Copy all the lines of the listing below exactly. Skip the images.

---------- Data shown

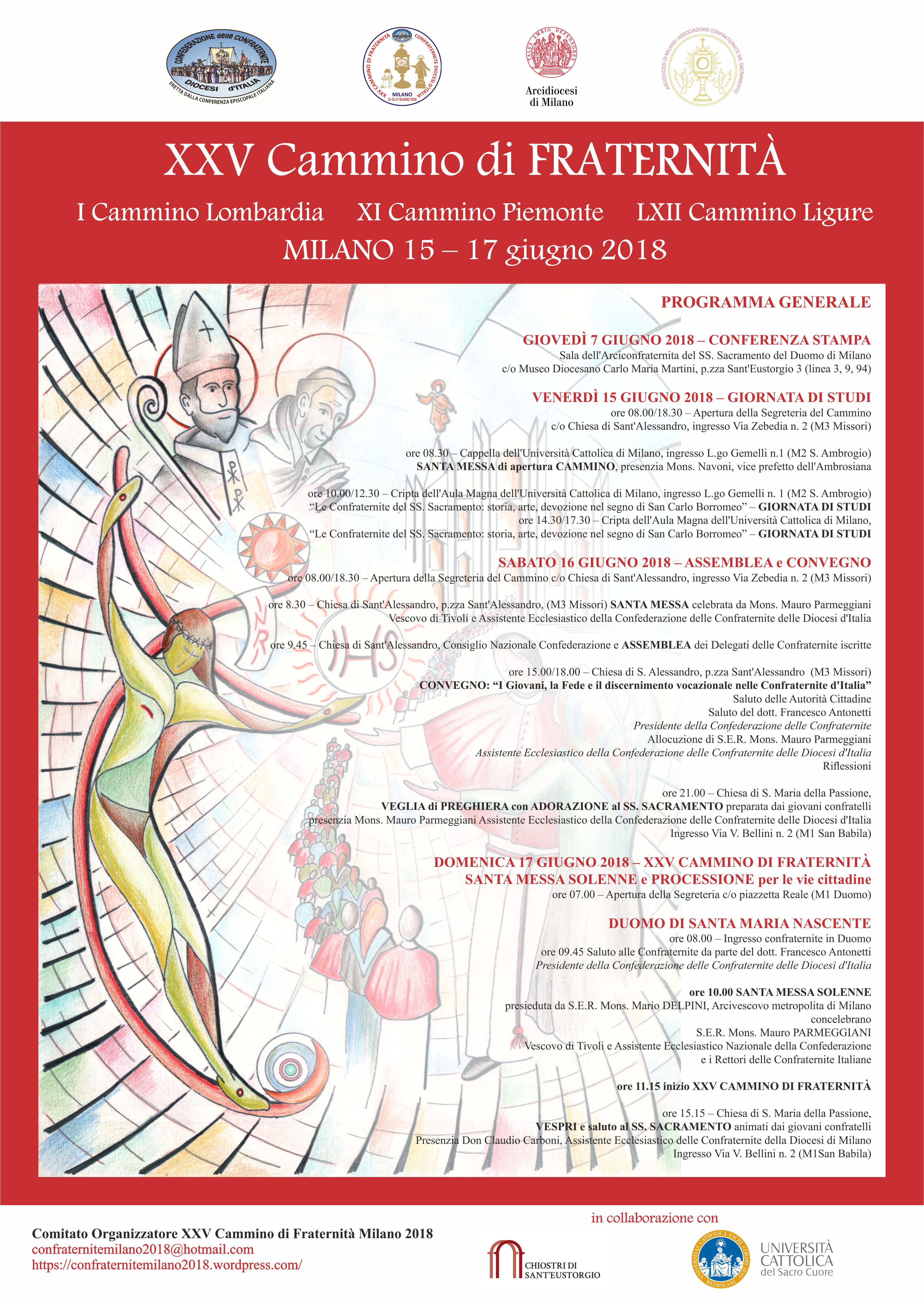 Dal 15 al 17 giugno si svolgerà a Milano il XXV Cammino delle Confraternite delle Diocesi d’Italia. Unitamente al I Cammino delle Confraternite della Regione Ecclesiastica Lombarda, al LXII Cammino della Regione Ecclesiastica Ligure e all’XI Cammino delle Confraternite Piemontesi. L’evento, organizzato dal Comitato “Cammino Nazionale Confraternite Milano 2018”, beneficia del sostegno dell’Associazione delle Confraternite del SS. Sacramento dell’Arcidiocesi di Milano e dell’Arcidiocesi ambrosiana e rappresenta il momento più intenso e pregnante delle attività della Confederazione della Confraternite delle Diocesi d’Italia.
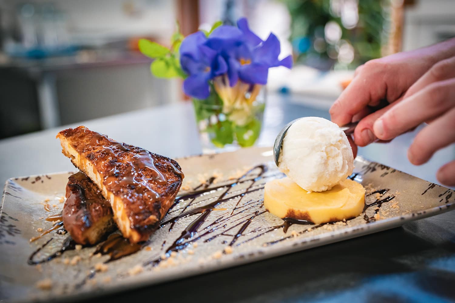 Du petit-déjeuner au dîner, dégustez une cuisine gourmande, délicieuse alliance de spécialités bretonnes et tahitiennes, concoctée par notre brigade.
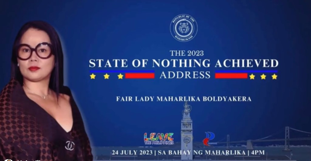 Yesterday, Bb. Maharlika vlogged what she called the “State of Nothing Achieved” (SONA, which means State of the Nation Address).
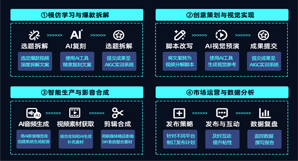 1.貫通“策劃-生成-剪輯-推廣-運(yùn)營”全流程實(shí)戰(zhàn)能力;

--------------------

● **Exercise answer**:
 Dal 15 al 17 giugno si svolgerà a Milano il XXV Cammino delle Confraternite delle Diocesi d’Italia. Unitamente al I Cammino delle Confraternite della Regione Ecclesiastica Lombarda, al LXII Cammino della Regione Ecclesiastica Ligure e all’XI Cammino delle Confraternite Piemontesi. L’evento, organizzato dal Comitato “Cammino Nazionale Confraternite Milano 2018”, beneficia del sostegno dell’Associazione delle Confraternite del SS. Sacramento dell’Arcidiocesi di Milano e dell’Arcidiocesi ambrosiana e rappresenta il momento più intenso e pregnante delle attività della Confederazione della Confraternite delle Diocesi d’Italia.
 Du petit-déjeuner au dîner, dégustez une cuisine gourmande, délicieuse alliance de spécialités bretonnes et tahitiennes, concoctée par notre brigade.
 Yesterday, Bb. Maharlika vlogged what she called the “State of Nothing Achieved” (SONA, which means State of the Nation Address).
 1.貫通“策劃-生成-剪輯-推廣-運(yùn)營”全流程實(shí)戰(zhàn)能力;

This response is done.